- _ASSIGNMENT_: Retype the listing exactly as it stands, and keep every image out.

══ DATA SECTION ══

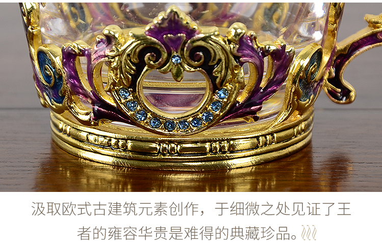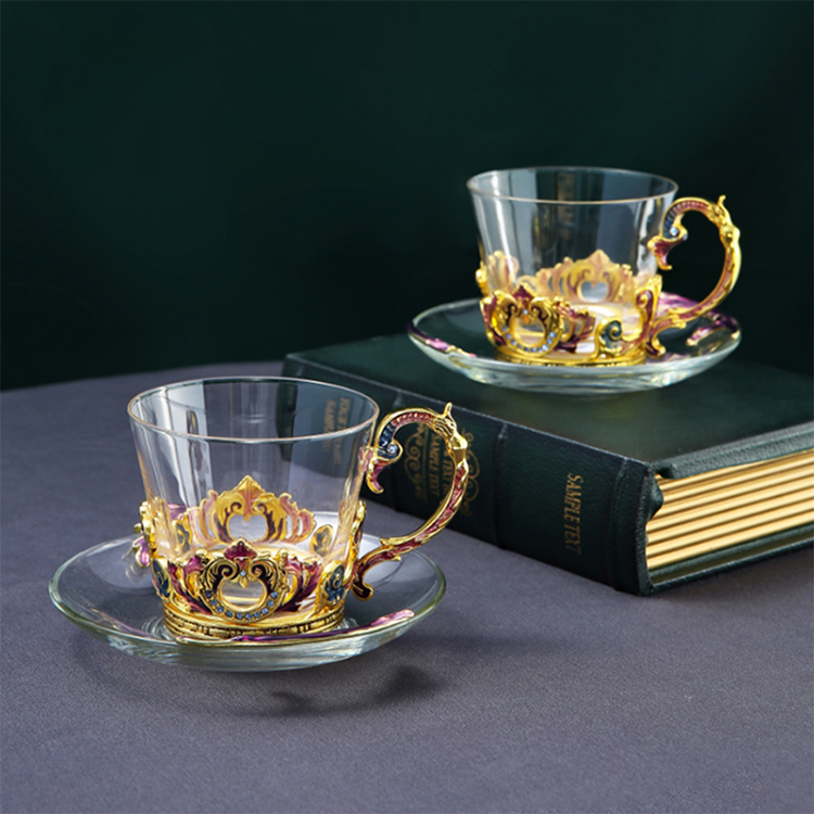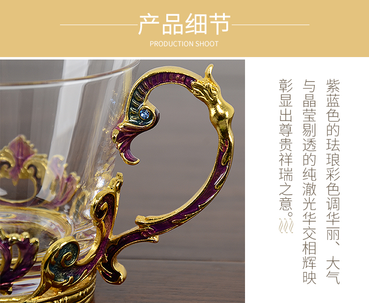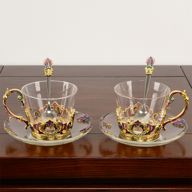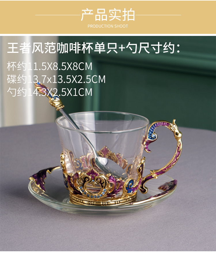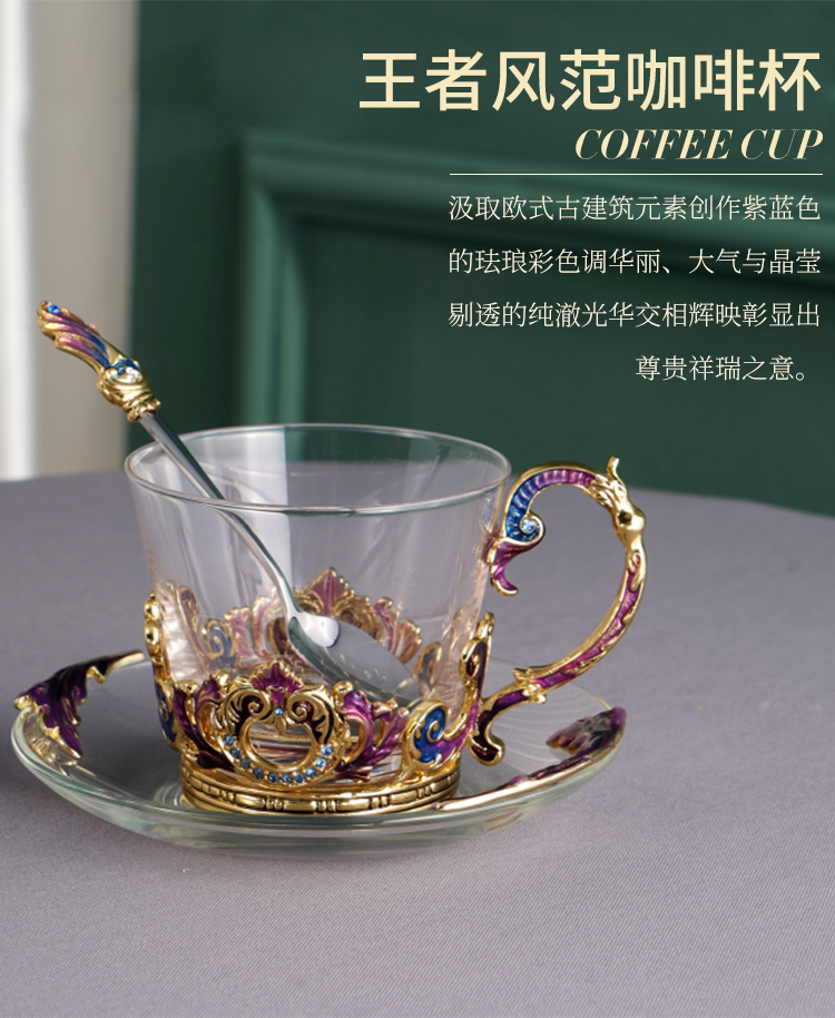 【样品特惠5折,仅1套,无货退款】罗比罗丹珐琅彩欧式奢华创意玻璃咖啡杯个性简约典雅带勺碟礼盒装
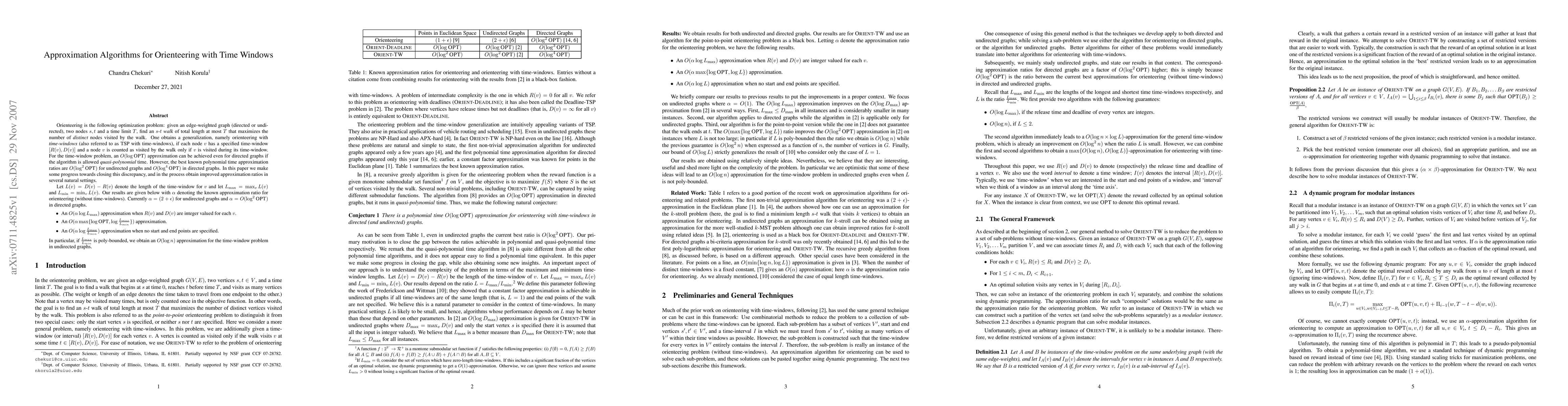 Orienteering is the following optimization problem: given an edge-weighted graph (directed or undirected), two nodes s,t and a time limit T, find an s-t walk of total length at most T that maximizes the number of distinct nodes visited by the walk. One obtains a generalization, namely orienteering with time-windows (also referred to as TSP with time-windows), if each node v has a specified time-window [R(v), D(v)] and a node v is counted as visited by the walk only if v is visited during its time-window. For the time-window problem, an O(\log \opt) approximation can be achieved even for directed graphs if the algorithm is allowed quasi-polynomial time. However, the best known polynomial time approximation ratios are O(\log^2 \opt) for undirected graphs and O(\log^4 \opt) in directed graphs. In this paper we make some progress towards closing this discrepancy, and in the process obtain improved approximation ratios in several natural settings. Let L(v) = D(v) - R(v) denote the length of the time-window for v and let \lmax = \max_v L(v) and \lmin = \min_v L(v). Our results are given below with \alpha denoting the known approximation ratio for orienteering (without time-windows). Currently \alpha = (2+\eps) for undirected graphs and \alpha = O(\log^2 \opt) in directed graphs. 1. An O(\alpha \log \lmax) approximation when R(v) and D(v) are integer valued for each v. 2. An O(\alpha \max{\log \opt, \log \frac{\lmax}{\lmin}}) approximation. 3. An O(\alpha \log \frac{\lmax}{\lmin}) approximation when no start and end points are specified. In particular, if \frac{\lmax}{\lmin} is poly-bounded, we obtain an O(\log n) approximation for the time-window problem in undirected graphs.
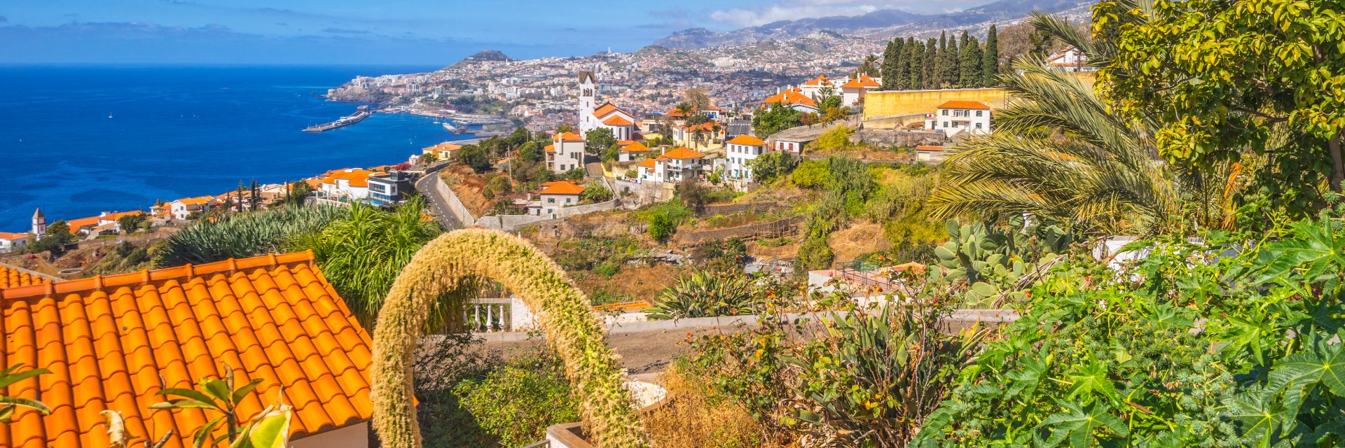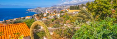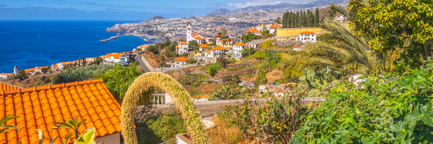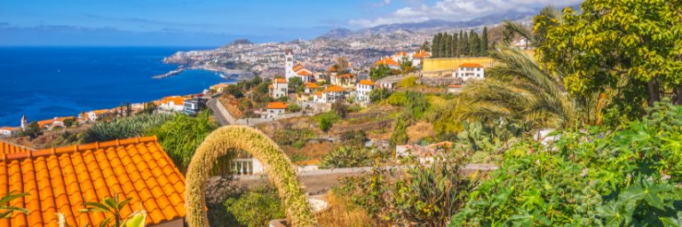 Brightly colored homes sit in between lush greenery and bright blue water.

═══

- _SOLUTION TO THE EXERCISE_:
 【样品特惠5折,仅1套,无货退款】罗比罗丹珐琅彩欧式奢华创意玻璃咖啡杯个性简约典雅带勺碟礼盒装
 Orienteering is the following optimization problem: given an edge-weighted graph (directed or undirected), two nodes s,t and a time limit T, find an s-t walk of total length at most T that maximizes the number of distinct nodes visited by the walk. One obtains a generalization, namely orienteering with time-windows (also referred to as TSP with time-windows), if each node v has a specified time-window [R(v), D(v)] and a node v is counted as visited by the walk only if v is visited during its time-window. For the time-window problem, an O(\log \opt) approximation can be achieved even for directed graphs if the algorithm is allowed quasi-polynomial time. However, the best known polynomial time approximation ratios are O(\log^2 \opt) for undirected graphs and O(\log^4 \opt) in directed graphs. In this paper we make some progress towards closing this discrepancy, and in the process obtain improved approximation ratios in several natural settings. Let L(v) = D(v) - R(v) denote the length of the time-window for v and let \lmax = \max_v L(v) and \lmin = \min_v L(v). Our results are given below with \alpha denoting the known approximation ratio for orienteering (without time-windows). Currently \alpha = (2+\eps) for undirected graphs and \alpha = O(\log^2 \opt) in directed graphs. 1. An O(\alpha \log \lmax) approximation when R(v) and D(v) are integer valued for each v. 2. An O(\alpha \max{\log \opt, \log \frac{\lmax}{\lmin}}) approximation. 3. An O(\alpha \log \frac{\lmax}{\lmin}) approximation when no start and end points are specified. In particular, if \frac{\lmax}{\lmin} is poly-bounded, we obtain an O(\log n) approximation for the time-window problem in undirected graphs.
 Brightly colored homes sit in between lush greenery and bright blue water.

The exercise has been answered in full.